Blue Book, pages 56–74

page 1 of 2


The claim that "only my pain is real pain" confuses grammatical and physical impossibility. The person who makes this statement has not made a metaphysical discovery, he is just challenging our notation (notation refers to the way we use words). Wittgenstein says a similar confusion exists in the debate over whether we can classify "unconscious thoughts" as thoughts. This debate is over how we ought to use the word "thought," not over facts.

Discomfort with a certain notation and a desire to clarify a distinction often lead us to philosophical theorizing. In saying, "only my experiences are real," I am recommending a new notation. According to this new notation, the phrase "Brad has a real toothache" is nonsense, because no pain other than my own exists. The solipsist's claim that "when anything is seen, it is always I who see it" is equivalent to saying, "I am the vessel of life and only my experiences are real." It is logically impossible for anyone else to understand this statement: if someone else did understand it, that would mean someone else had the real experience of understanding, which is impossible according to the solipsist's logic.

Confusion stems from using "I" as both object and subject. For instance, the sentence "I grew an inch" uses "I" as an object. In the sentence, I recognize myself as a body in the world. The sentence "I have a toothache" uses "I" as a subject. In it, I recognize myself as the seat of experience. Wittgenstein suggests that using "I" as subject, when "I" does not refer to a physical person, leads us to think of the ego or mind as something distinctive that inhabits the body.

The discussion about what is really seen leads us to theorize about the existence of sense data. There is nothing wrong with talking about sense data. The problem occurs because the solipsist's insistence that "only this is really seen" does not oppose what is seen with what is not seen. The word "seen" becomes useless because it does not distinguish something from something else. Because we mean something other than our bodies when we say "I," we come to think an occult connection exists between meaning and our minds that contains all the possible uses of a word. We must recognize that meaning is something outside of the mind that is fixed by use.


Both here and in the Tractatus, Wittgenstein sees solipsism as a clear expression of a typical kind of philosophical confusion. Solipsism begins with the observation that my only access to the world is through my own personal experience, and recognizes that there is no way of knowing for certain that anything outside my personal experience even exists. Solipsism then concludes that reality is nothing more than my own personal experience, and nobody exists except me. Nobody is wholly solipsistic, for it would be impossible to live in the belief that everyone around you exists only as far as you perceive them to exist. However, the idea has fascinated philosophers because it is so difficult to disprove. We have no evidence to prove that anyone other than ourselves is real.

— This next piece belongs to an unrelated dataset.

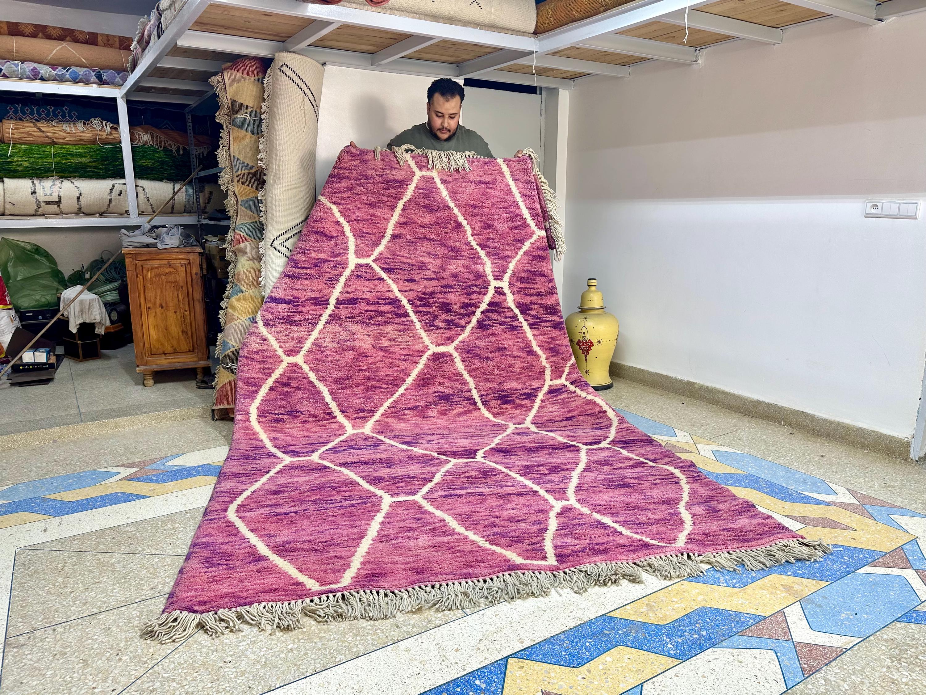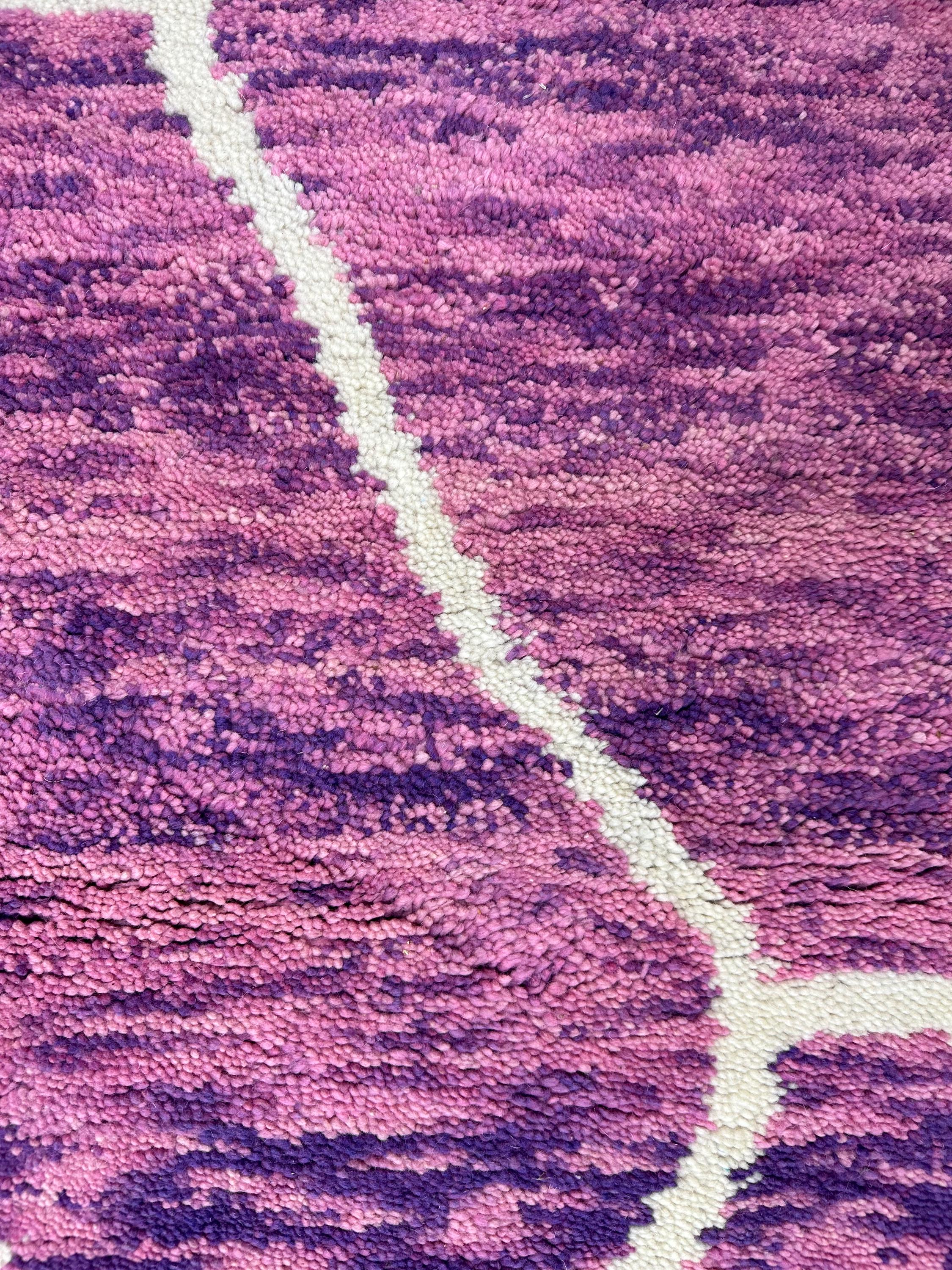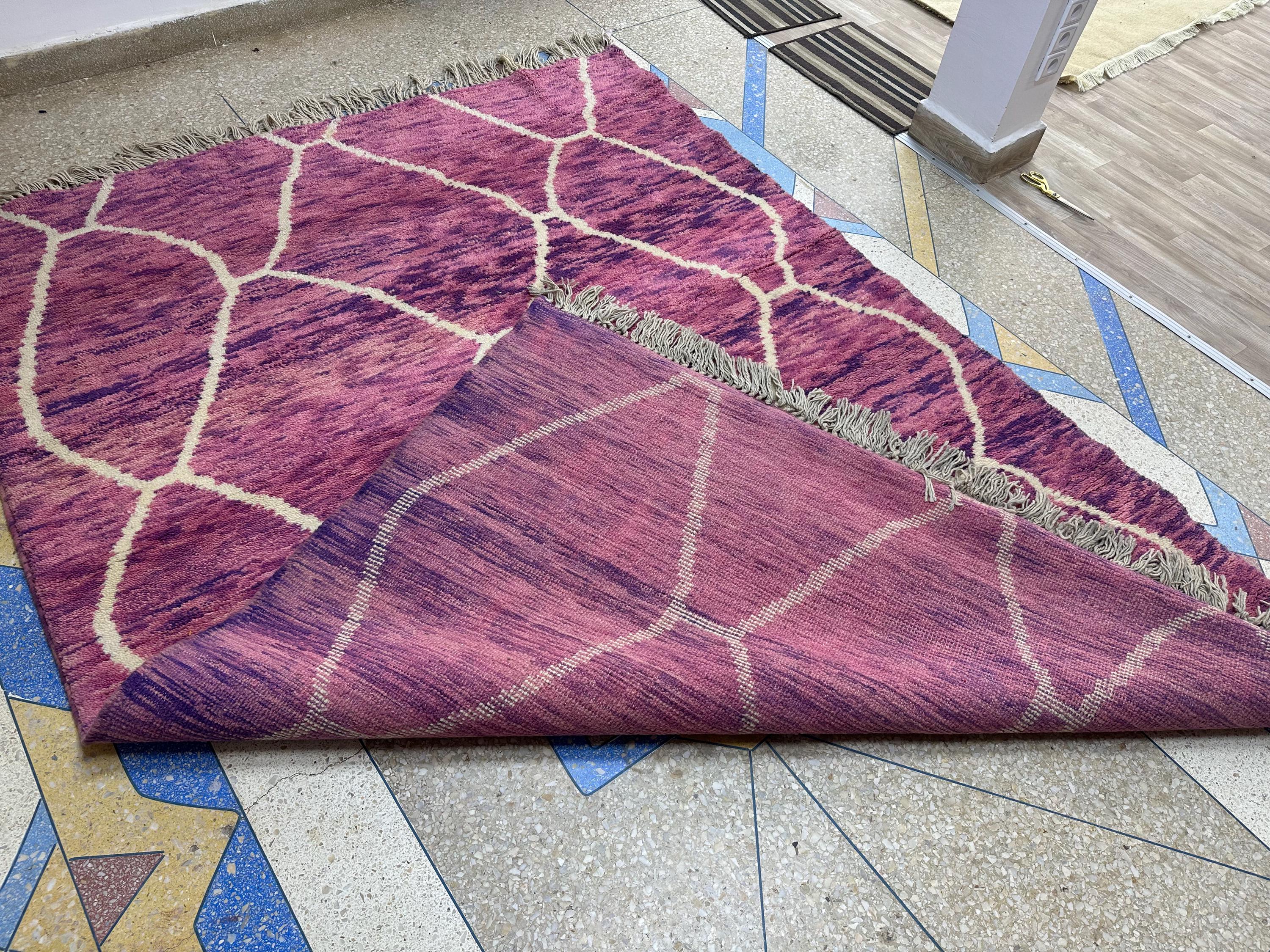 Make a bold yet cozy statement with this handmade purple & white Beni Ourain rug — soft wool, geometric design, and perfect for boho vibes.

Wittgenstein's answer to solipsism in the Blue Book is similar to the answer he gives in the Tractatus. He does not try to disprove solipsism, or say that the solipsist is wrong, so much as he shows that what the solipsist wants to say cannot be expressed intelligibly in language. There are a number of ways we can use the word "see": we can talk about what I see, what you see, what I can't see, what can't be seen, and so on. If someone were to claim, "only what I see is really seen," this would not amount to a new discovery regarding the nature of vision, it would amount to an attempt to redefine the grammar of the word "see." Wittgenstein says this claim of the solipsists is simply a matter of recommending a new notation. That is, the solipsist wants us to use words differently than we do. Underlying Wittgenstein's discussion is an assumption of the public nature of language. Language can only be used to communicate ideas to others about features of our common experience. Any attempt to make blanket statements or to say something about the privileged nature of our own private experiences is bound to misfire.